March 26, 2014
Using big data in finance: Example of sentiment-extraction from news articles
Nitish Sinha
There is much discussion and research in finance on using "big data" to understand market "sentiment." In this note, I will draw on some of my own research in behavioral finance--Sinha (2010) and Heston and Sinha (2013)--to share my perspective the current state of affairs in this area, particularly on the meaning of "sentiment" in the context of big data research.1
The Meaning of "Sentiment" among Finance and Computer Science Researchers
Let me start with some possible confusion that might be caused by how a simple word is used quite differently in two disciplines that meet in this particular area--Finance and Computer Science. In finance, the word "Sentiment" is generally understood to be irrational belief about future cash flows.2 The key test of sentiment is outlined in Tetlock(2007) where he points out that "The sentiment theory predicts short-horizon returns will be reversed in the long run, whereas the information theory predicts they will persist indefinitely." In other words, "sentiment" is a good short-term contrarian indicator. In finance, sentiment has been measured using sunshine days in New York City, and wins in soccer games among others.3 The common feature these measures share is that short-term positive returns associated with these sentiment measures tend to be reversed over next few days.
Computer scientists and computational linguists use the word "sentiment" differently. For example, Pang and Lee (2008) explain that over time "sentiment" has morphed into opinion or subjective information. It is not clear, whether market participants' opinion should be non-informative. There are many places where investors express their opinions. Of course, traded price is where the rubber meets the road and people vote with their bank accounts. But it is possible that somebody with informed opinion, and perhaps thinner wallet might lose to somebody else with uninformed opinion and a thicker wallet.4
The other venues where investors express opinions are newspaper articles, news wires, op-eds, and now twitter feeds. In "Underreaction to News in the U.S. Stock Market," I explore "opinion-extraction" and find that market prices tend to under-react to textual information appearing in news articles. This finding differs from other related findings in the finance literature such as Tetlock(2007) and Laughran and McDonanld(2010). In "News versus Sentiment", a co-authored paper with Steve Heston at University of Maryland, we set out to find why it is that some evidence points to the market under-reacting to information contained in news articles, while other evidence points to the market properly reacting to the same type of information, and still other evidence suggests a tendency for the market to overreact. I will talk a little bit more about this paper since it also provides a window into an approach to working with big data.

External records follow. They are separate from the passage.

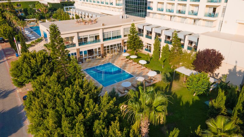 Vybavenie: 2 bazény, detský bazén, slnečná terasa, bar pri bazéne. Lehátka, slnečníky, plážové osušky, vankúše. Vonkajšie zariadenia sú k dispozícii v závislosti od počasia. Lobby, Wi-Fi vo verejných priestoroch, reštaurácia s terasou, 2 à la carte reštaurácie (rezervácia nutná, za príplatok; apríl – október), obchody, bar, kaderníctvo. Oficiálne hodnotenie: 5 hviezdičiek, 176 izieb, 6 poschodí, 2 výťahy.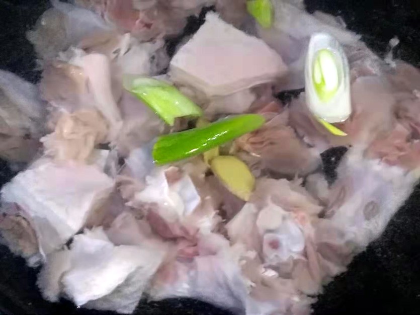 1、两遍清洗处理好的鸭腿肉冷水下锅,加花椒、八角、葱段姜片、料酒烧开。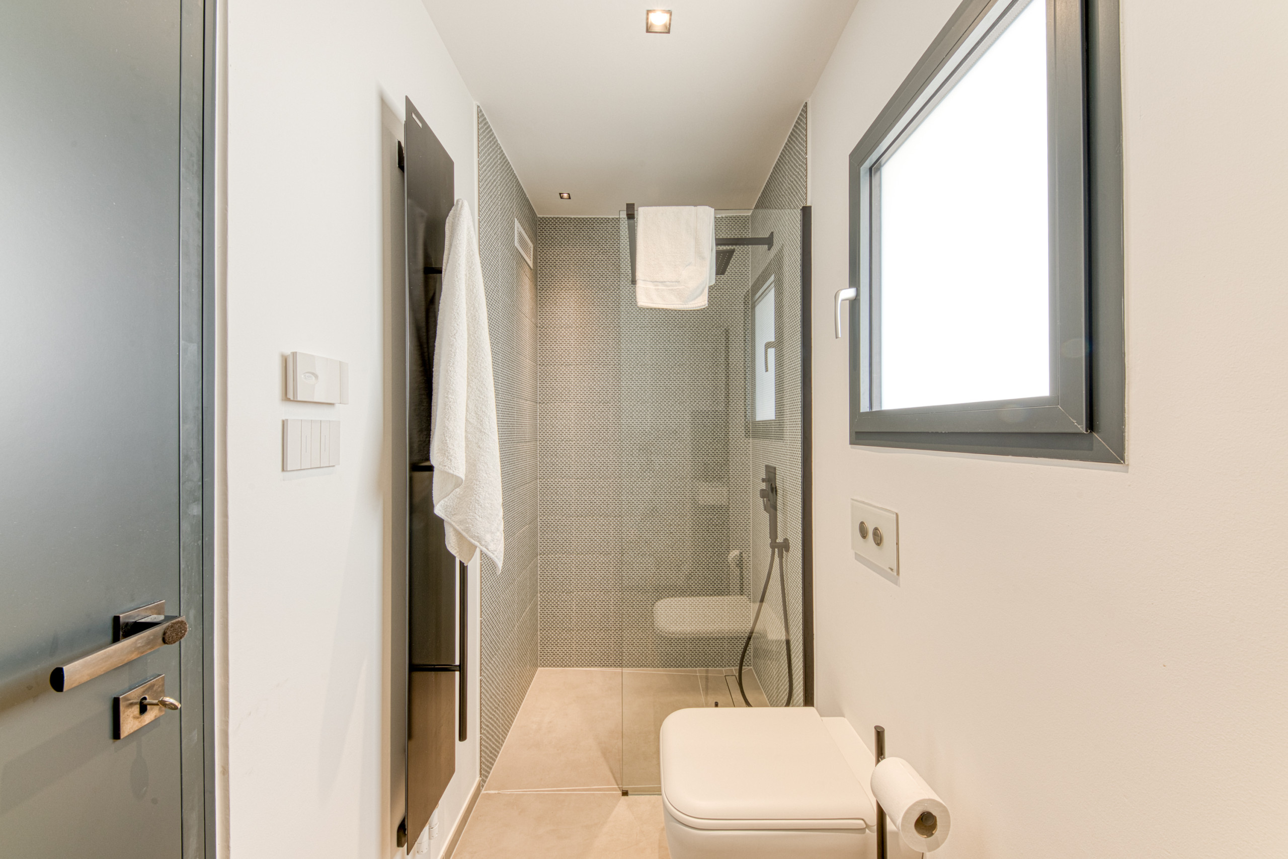 On the ground floor, you’ll find a bright and spacious living area featuring a stunning, fully equipped design kitchen with induction hob, oven, microwave, dishwasher, toaster, kettle, kitchen utensils etc. and comfortable lounge space — ideal for gathering with family and friends. This level also includes two double bedrooms, one of which enjoys a beautiful sea view, along with two stylish bathrooms with showers.

One reason for apparently disparate results on the reaction of market prices to textual information could be that researches have used different texts to start with. Press releases are written by firms themselves and might not be impartial. Journalists are trained to write in impartial fashion and could blunt the opinions in a deliberate manner. Tweets are small in length, although can be quite opinionated dense in information. Tweets also present a challenge in parsing since tweeters often use a different vocabulary. We use common corpus of news articles for all text-processing techniques that allows us to specifically identify the effect of text-processing technology. In my research with Heston, we chose all news articles written by Thomson Reuters journalists because news from a wire-service news has some distinct advantages. First, wire-services cater primarily to the investment needs of their subscribers; stories do not appear because they are catchy but because they are economically relevant.5 Also at a wire-service, news does not need to out-compete all the other news articles to get published, a potential source of trunctation of information in newspapers. Comedian Seinfeld is attributed to have said, "It's amazing that the amount of news that happens in the world every day always just exactly fits the newspaper." It is also somewhat surprising the news that does not find its way into the newspaper since the newspaper was already full.6 Given all these conditions, we expect wire-services to have fewer of these biases. Thomson Reuters itself provides a measure of the tone of the news articles based on a neural network application on top of some linguistic analysis. (Please consult Sinha(2010) for the methodological details.)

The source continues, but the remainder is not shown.